- [Problem details]: What you return should be the lines from the one with "You can fine-tune" through the one with "No JSA but Presumed" in the data below, reproduced exactly with both ends, and no pictures at all.

- [Available data]:

──────────

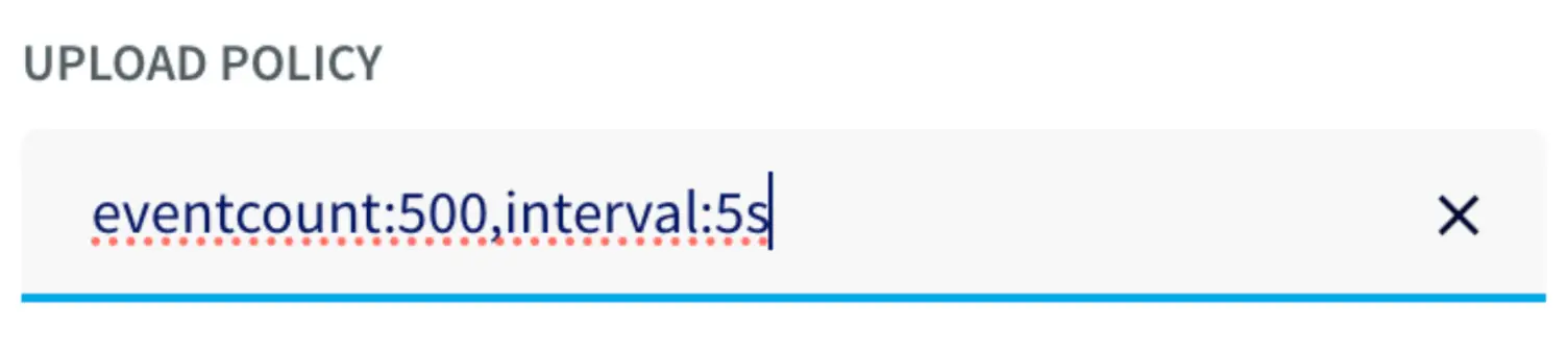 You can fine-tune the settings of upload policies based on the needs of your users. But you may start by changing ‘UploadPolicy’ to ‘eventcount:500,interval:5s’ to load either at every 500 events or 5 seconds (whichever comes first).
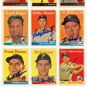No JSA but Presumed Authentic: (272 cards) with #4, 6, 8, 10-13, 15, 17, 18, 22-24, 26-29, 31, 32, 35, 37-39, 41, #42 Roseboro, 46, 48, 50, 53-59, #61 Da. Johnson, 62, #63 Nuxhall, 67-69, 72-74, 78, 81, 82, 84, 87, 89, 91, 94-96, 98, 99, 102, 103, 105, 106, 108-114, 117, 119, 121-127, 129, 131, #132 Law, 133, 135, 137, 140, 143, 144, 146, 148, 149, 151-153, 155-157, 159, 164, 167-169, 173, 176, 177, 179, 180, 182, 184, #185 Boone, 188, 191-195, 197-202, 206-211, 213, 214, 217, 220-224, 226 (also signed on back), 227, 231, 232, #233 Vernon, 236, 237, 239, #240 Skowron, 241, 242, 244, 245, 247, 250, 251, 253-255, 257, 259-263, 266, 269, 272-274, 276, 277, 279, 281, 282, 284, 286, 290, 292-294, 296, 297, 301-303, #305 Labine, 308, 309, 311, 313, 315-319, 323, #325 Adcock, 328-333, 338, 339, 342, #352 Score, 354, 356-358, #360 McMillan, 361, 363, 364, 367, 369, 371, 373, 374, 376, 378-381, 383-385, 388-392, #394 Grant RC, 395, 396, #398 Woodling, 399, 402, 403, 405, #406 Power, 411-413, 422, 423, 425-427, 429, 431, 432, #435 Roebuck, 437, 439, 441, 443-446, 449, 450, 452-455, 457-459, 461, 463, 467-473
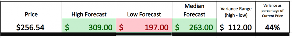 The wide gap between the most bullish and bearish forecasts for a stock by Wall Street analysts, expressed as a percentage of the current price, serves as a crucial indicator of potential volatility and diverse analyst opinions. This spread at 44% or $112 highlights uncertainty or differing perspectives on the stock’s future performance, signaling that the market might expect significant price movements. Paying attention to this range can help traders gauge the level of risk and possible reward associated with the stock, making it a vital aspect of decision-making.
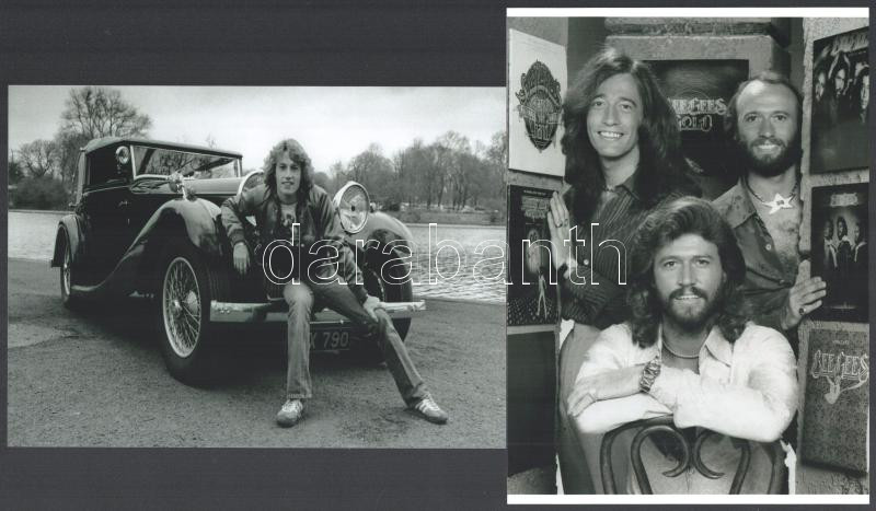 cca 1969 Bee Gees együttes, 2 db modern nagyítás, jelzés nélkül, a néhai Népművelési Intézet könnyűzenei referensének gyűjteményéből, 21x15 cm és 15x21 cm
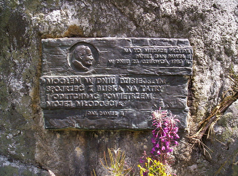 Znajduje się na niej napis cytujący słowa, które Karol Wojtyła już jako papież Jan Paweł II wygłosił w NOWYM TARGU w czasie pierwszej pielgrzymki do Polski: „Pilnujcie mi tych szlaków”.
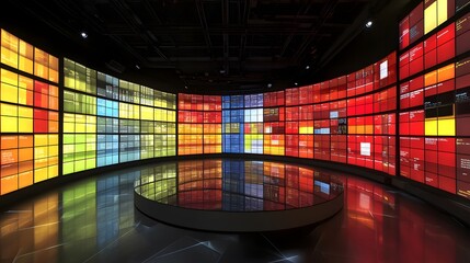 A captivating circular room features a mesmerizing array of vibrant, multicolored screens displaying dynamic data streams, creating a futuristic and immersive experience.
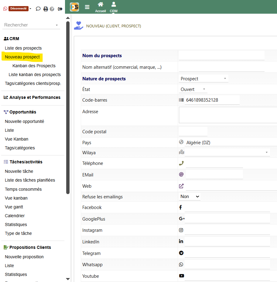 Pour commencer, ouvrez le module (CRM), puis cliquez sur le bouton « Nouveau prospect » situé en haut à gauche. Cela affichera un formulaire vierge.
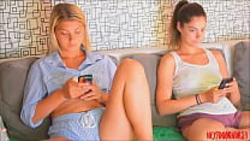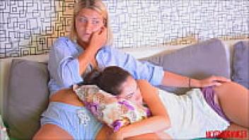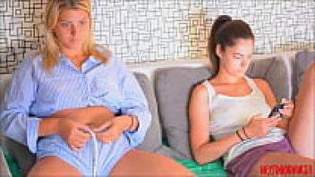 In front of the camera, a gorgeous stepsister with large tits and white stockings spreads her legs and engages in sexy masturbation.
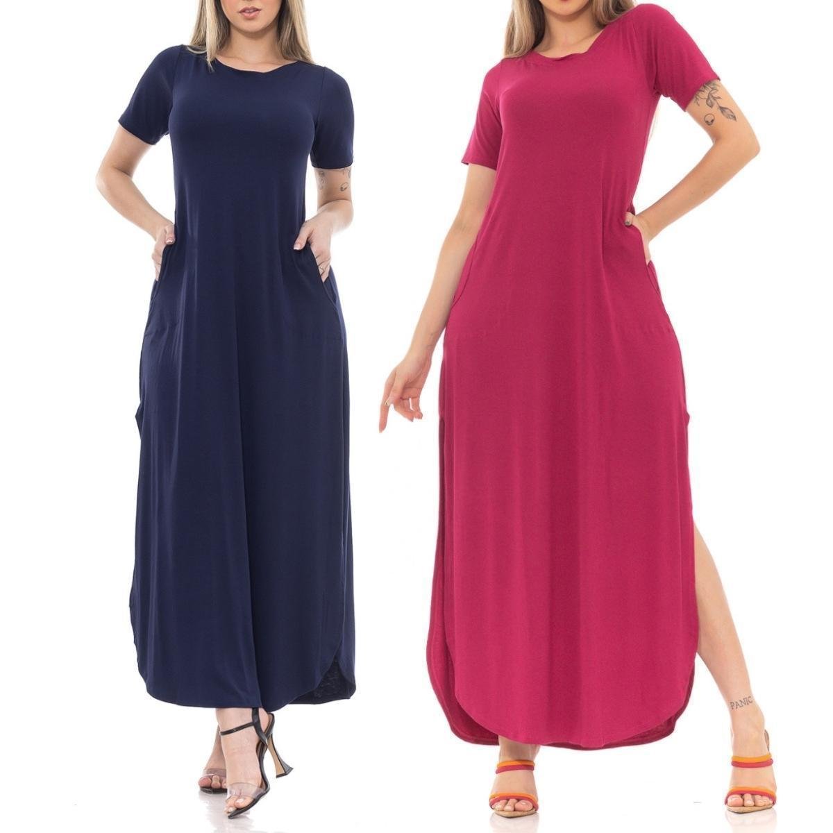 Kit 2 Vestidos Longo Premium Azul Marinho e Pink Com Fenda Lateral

──────────

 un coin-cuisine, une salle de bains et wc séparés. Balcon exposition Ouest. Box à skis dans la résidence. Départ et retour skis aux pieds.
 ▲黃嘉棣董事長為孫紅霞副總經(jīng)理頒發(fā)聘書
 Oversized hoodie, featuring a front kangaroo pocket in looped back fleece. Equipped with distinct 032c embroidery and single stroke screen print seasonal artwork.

──────────

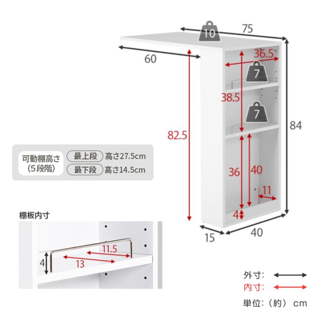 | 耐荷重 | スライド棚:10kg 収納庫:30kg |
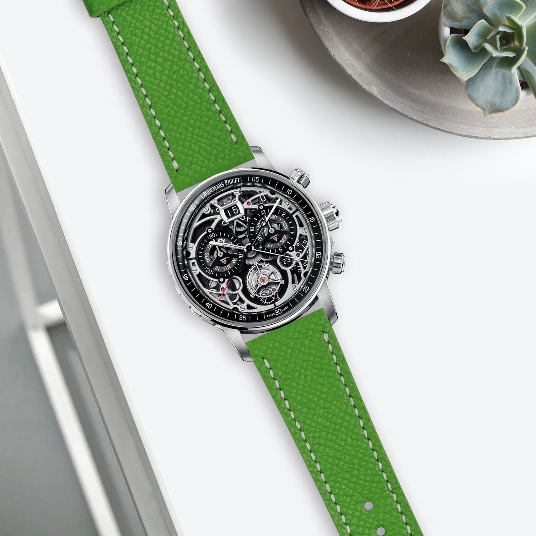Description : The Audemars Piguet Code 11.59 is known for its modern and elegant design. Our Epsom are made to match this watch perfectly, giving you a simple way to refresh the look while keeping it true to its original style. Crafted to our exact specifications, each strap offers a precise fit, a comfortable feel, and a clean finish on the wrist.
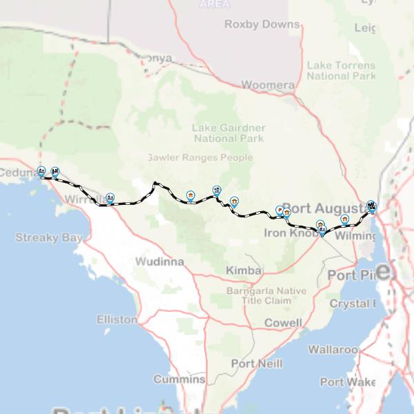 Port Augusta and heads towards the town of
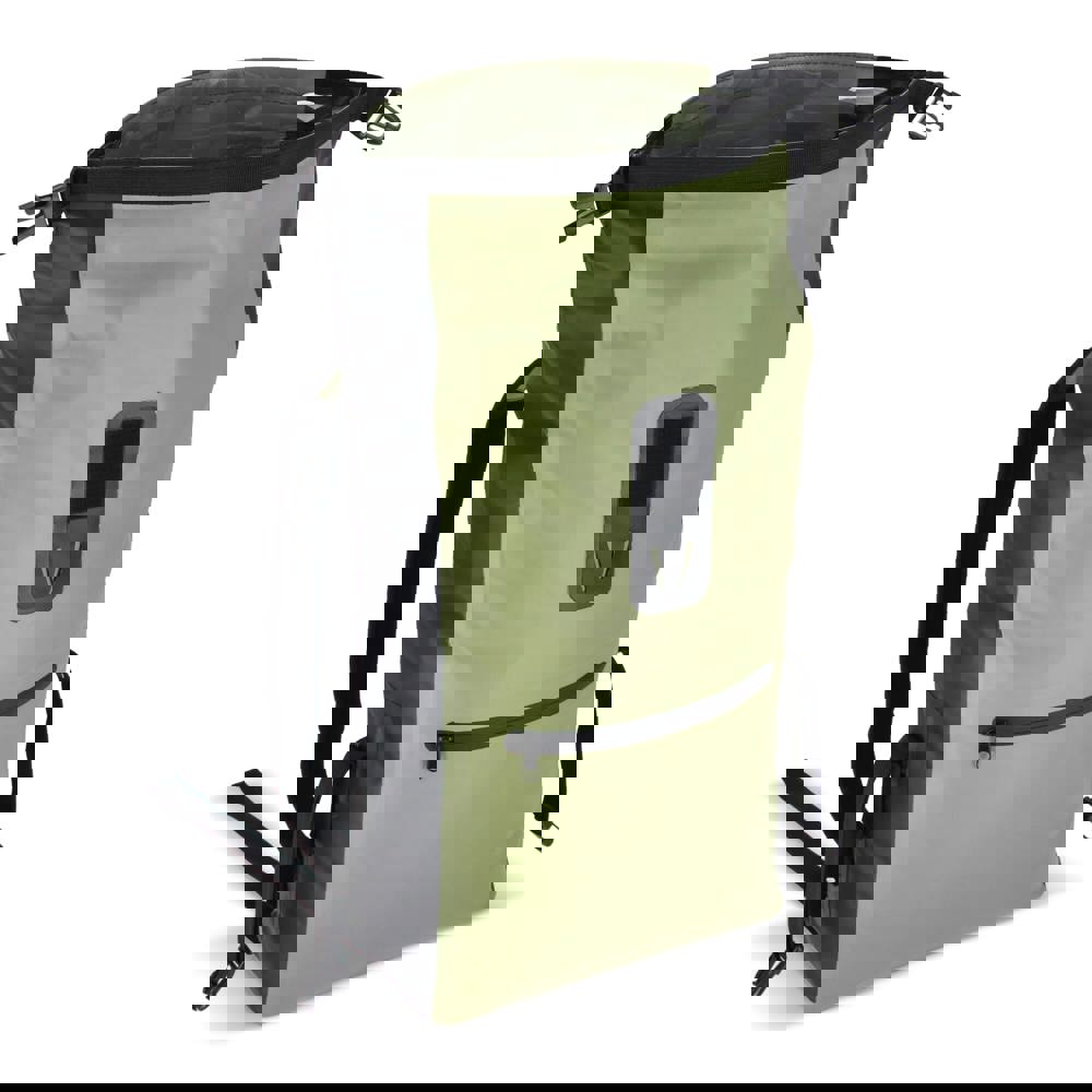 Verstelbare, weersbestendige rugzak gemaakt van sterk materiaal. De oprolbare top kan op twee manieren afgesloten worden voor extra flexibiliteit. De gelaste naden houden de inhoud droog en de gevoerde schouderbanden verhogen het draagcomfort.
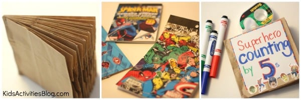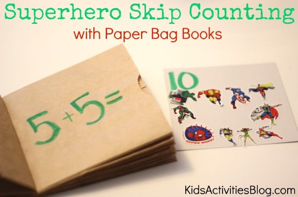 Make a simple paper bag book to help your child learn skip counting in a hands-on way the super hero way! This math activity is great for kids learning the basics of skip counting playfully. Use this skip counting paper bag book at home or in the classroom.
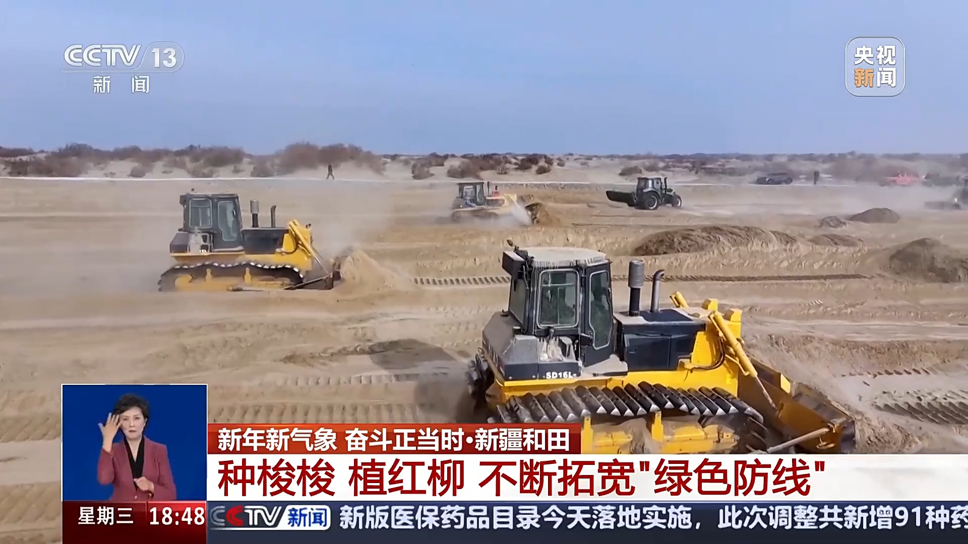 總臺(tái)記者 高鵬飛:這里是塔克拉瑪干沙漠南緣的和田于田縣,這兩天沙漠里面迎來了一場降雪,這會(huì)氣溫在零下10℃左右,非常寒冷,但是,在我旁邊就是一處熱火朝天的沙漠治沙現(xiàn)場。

──────────

- [Response]:
 You can fine-tune the settings of upload policies based on the needs of your users. But you may start by changing ‘UploadPolicy’ to ‘eventcount:500,interval:5s’ to load either at every 500 events or 5 seconds (whichever comes first).
No JSA but Presumed Authentic: (272 cards) with #4, 6, 8, 10-13, 15, 17, 18, 22-24, 26-29, 31, 32, 35, 37-39, 41, #42 Roseboro, 46, 48, 50, 53-59, #61 Da. Johnson, 62, #63 Nuxhall, 67-69, 72-74, 78, 81, 82, 84, 87, 89, 91, 94-96, 98, 99, 102, 103, 105, 106, 108-114, 117, 119, 121-127, 129, 131, #132 Law, 133, 135, 137, 140, 143, 144, 146, 148, 149, 151-153, 155-157, 159, 164, 167-169, 173, 176, 177, 179, 180, 182, 184, #185 Boone, 188, 191-195, 197-202, 206-211, 213, 214, 217, 220-224, 226 (also signed on back), 227, 231, 232, #233 Vernon, 236, 237, 239, #240 Skowron, 241, 242, 244, 245, 247, 250, 251, 253-255, 257, 259-263, 266, 269, 272-274, 276, 277, 279, 281, 282, 284, 286, 290, 292-294, 296, 297, 301-303, #305 Labine, 308, 309, 311, 313, 315-319, 323, #325 Adcock, 328-333, 338, 339, 342, #352 Score, 354, 356-358, #360 McMillan, 361, 363, 364, 367, 369, 371, 373, 374, 376, 378-381, 383-385, 388-392, #394 Grant RC, 395, 396, #398 Woodling, 399, 402, 403, 405, #406 Power, 411-413, 422, 423, 425-427, 429, 431, 432, #435 Roebuck, 437, 439, 441, 443-446, 449, 450, 452-455, 457-459, 461, 463, 467-473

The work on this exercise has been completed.